**LISTED ENTRIES:**

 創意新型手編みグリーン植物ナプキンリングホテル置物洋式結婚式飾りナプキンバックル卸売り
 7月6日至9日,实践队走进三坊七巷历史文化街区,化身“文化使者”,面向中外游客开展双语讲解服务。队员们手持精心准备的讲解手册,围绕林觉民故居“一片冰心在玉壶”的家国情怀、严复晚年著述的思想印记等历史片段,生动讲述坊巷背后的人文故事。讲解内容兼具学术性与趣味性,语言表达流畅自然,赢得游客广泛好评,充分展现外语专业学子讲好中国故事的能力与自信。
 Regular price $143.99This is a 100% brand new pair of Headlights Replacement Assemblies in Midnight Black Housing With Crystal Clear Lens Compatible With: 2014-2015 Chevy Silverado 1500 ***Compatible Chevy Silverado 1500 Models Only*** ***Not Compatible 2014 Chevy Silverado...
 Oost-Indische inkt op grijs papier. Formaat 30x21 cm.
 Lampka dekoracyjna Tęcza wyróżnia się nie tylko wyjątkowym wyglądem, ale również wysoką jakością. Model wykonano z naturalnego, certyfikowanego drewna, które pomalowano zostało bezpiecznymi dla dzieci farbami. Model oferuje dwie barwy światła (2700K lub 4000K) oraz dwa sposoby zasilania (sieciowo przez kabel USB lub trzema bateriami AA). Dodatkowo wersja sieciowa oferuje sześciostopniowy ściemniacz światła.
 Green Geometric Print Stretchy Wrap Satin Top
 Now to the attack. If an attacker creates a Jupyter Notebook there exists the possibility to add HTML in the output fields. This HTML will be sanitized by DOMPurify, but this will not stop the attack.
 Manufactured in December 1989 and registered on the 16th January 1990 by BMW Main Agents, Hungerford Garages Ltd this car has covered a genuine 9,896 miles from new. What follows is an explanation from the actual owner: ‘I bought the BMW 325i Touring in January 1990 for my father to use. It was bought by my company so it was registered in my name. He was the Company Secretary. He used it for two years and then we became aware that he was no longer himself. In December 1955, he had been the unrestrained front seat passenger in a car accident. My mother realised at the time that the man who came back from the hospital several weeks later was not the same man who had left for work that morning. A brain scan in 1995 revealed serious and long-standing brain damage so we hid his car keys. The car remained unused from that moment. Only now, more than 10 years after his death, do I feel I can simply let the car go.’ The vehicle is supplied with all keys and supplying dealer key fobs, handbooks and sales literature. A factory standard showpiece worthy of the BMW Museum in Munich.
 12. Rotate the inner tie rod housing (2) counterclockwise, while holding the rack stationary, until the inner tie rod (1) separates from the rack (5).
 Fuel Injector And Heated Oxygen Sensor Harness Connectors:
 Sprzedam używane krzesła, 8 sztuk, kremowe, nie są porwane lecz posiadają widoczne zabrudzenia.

---

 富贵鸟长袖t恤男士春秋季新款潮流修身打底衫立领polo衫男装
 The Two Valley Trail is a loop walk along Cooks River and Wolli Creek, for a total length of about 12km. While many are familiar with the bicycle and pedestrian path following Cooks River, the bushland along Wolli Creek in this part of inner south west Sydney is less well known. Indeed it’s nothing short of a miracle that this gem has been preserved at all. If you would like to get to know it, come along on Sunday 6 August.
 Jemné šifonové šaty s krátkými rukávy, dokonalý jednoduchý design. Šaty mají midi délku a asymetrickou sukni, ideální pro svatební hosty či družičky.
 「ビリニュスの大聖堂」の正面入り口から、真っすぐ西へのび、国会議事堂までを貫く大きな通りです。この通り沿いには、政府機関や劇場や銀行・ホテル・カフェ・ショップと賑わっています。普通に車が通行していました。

--

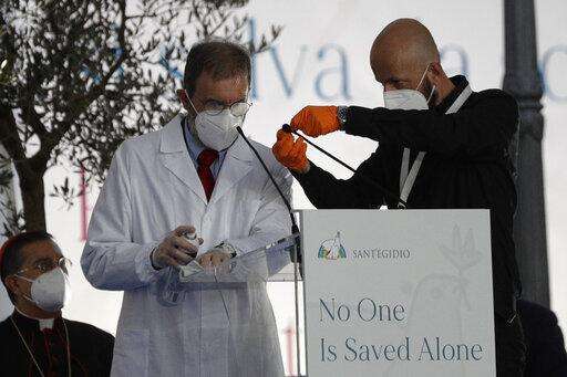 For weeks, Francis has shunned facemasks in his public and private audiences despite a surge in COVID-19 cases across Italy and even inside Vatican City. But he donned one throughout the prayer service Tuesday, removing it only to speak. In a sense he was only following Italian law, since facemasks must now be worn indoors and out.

**EXERCISE GOAL:** In the material above, find the line containing "創意新型手編みグリーン植物ナ" and the line containing "Oost-Indische inkt op", then write out exactly those two lines and every line between them, and nothing more.

**RESULT BELOW:**
 創意新型手編みグリーン植物ナプキンリングホテル置物洋式結婚式飾りナプキンバックル卸売り
 7月6日至9日,实践队走进三坊七巷历史文化街区,化身“文化使者”,面向中外游客开展双语讲解服务。队员们手持精心准备的讲解手册,围绕林觉民故居“一片冰心在玉壶”的家国情怀、严复晚年著述的思想印记等历史片段,生动讲述坊巷背后的人文故事。讲解内容兼具学术性与趣味性,语言表达流畅自然,赢得游客广泛好评,充分展现外语专业学子讲好中国故事的能力与自信。
 Regular price $143.99This is a 100% brand new pair of Headlights Replacement Assemblies in Midnight Black Housing With Crystal Clear Lens Compatible With: 2014-2015 Chevy Silverado 1500 ***Compatible Chevy Silverado 1500 Models Only*** ***Not Compatible 2014 Chevy Silverado...
 Oost-Indische inkt op grijs papier. Formaat 30x21 cm.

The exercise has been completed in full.